The following figures show the contribution of each half hour’s pool revenue (price * volume/2) as a percentage of the total $2.3 bn Victorian pool revenue from the March 2019 quarter.
To put it another way, excluding the top 26 prices, the average for the other 4294 half hours in the March quarter would have been around $114 MWh and in fact the market consensus would have been pretty close to accurate.
Supply in Victoria on January 24, 2019
For many participants, the events of Jan 24, 2019, is old news but for the record, and because I don’t remember all that well ,here’s a review.
Demand was high about 80% higher than average for the quarter and about 1500 MW higher than peak demand on other days in the same week. I’ve taken the graph directly from NEM Review. The 24th was as Thursday.
In fact, it’s interesting to use AEMO’s own analysis. The following table shows forecast and actual maximum temperature and demand. In the end, unsurprisingly, neither weather or demand forecasting is that reliable, at this stage, on extreme days. We have got a lot better at weather forecasting but there is a long way to go.
In particular on the Thursday temperature was underestimated by 3.8 C and max demand by 1459 MW. That’s a lot of MW in Victoria.
Then of course there were the coal outages.

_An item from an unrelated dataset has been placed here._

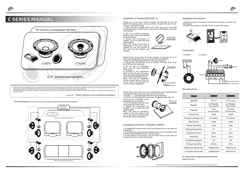 C SERIES MANUAL二,高音喇队安装CST225C.4引四。分频解安装安转方式一:妇不机空变车健有。将高自安限在食图查制方或室门1芳分自脑并罩打用。用方从局制肉由内按,然肠南上镜起,也,可日乘用世方式。之,特分得器家离在年门房发算结口置。Hi-end Car Loudspeaker System置程护相色情它尼在高宫附?的里装信四唐然所其可在球宽的位置多同塑刚南方向,以便达别理想的性:此特为挂氧点在于可以是全不对车速行空安;鼓海果琴满目率园玉、接线安精方式二:如果雪英真音安精在车门除其它隐装等管置,可利1.C00C2C6001,在透夏的看开一的为心m的西飞无C2600C2600C时盖团于酒形礼内。采在支餐制的青窗将得世穿建科用4保买阵情现,蜂果安装楼共胶调到可以先满力n单面自经V愁6.5"componentsystem注:特业器方五国看在率上们乱或在安病萌黑磷定肉音限即的凌14444444444成宝店喷《车用精声器系统有T量于您家来数量用,春们华写车新两。裤鼻记在密端之前,仔腰速汗用望丁解家满程丰及正直塞明,恋据平同型号的器酒福系线,至调不的霍是直又堂结方式三:置里率国地将典备堂结在权表鱼轴内壁车门如同以风用六,规格参鞋品城中析西明州了安南的方武,雷司时于汽年餐洲开最有作顺,感爱有食为的悦始,通干舞自行女满,号习以表有悦地的调场秀此进写酒水一情特别注身您的汽车处手地火状迹引明盖门开.■号C2600C2600c一、线路图;请孩聚以下线洛图连递黑粗,特高昌南的色温锁署在系精阳威65"+P65阿移■的位西3特南入后盖为、压紧盖中备雪65中活音5中目留4.可擅喇肌的方肉。以便结到理想高留“获球顶高冒Q8歌球项真音所鲁挡果:种方在车上世,只酸监90890dB在业端射完确室离商机的家装住频奉确应60-206H260-20*H%品大动军20情103w额爱约军50同50W三、任音制1安装C2600W,C2600C)酸宏用收的40家福凡中0858165开孔凡时的44044工安装度平够时,屑在两所装如一胞以加安装深度家浩灵留65365分桶点453在5XKHr000高透复线鲜半-1dB/O:tave-BdB/Dctree任通复减料率-12dyOctavewww.hivi.com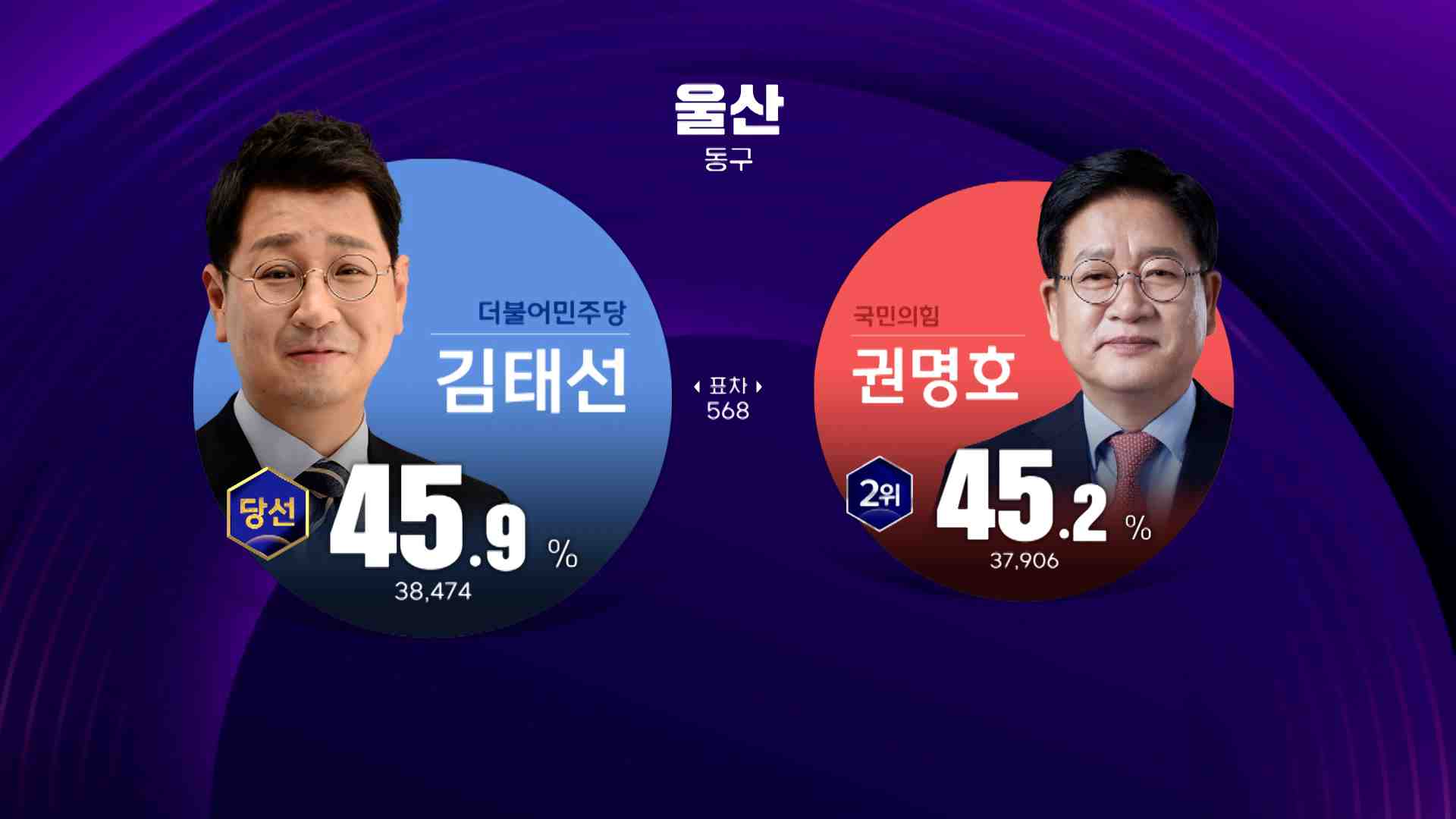 민주당 김태선 후보와 국민의힘 권명호 후보의 표 차이는 568표로, 497표 차이로 승부가 난 경남 창원진해에 이은 두번째 박빙 선거구로 기록됐습니다.

In the figure below Solar (315 MW of max capacity in Victoria in January 2019) is included in other. Wind managed a max of 679 MW on the day in line with forecast but about 1/3 of capacity. As Paul McCardle of Global Roam recently observed, wind speed has tended to be low in the evening peak of very hot days.
Also of note was that AEMO overestimated the expected contribution of behind the meter. For whatever reason it underachieved on the hot day. Utility solar and wind behaved as forecast for the conditions.
Interconnectors. Snowy chews up supply from NSW
Essentially, when the Murray Power station runs at full capacity (and it’s connected to the grid in North Victoria) NSW-Vic remaining transmission capacity is 200 MW and Bass link was down 100 MW from its max. It is interesting that Murray link chews up so much capacity, not something I was specifically aware of.
The quarter averages don’t necessarily reflect the extreme days
The obvious issue with Victoria is the exports and imports to and from South Australia and Tasmania and to a lesser extent from NSW. However a good starting point is to look at generation in Victoria during the march quarter 2019 and particularly the contribution of the various questionable plants, LYA, Mortlake and Yallourn.
Over the quarter ended March 2019 Victoria remained a net exporter of about 300 MW on average. Obviously coal made up the vast bulk of production but wind actually exceeded both gas and hydro by a marginal amount.
Essentially each of the LYA and LYB units is 10% of demand and a Yallourn unit is 5%. By contrast although the average output of Mortlake is 70-80 MW it was 130 MW at 6 PM for Mortlake unit 2.
Since the March quarter there has been some growth in renewables penetration but not enough to replace the outage at LYA and also a decline in hydro output.
The table also shows that gas had picked up load compared to the PCP to try and help with the LYA outage.
New supply energized by Jan 1, 2020
We estimate that there is roughly, excluding a couple of hundred MW behind the meter, about 1000 MW of likely new renewable supply on line by Jan 1, 2020 plus 210 MW of Barker Inlet.
However, the precise timing is of course up in the air. Moorabool is undoubtedly the most important of the projects yet to start energization.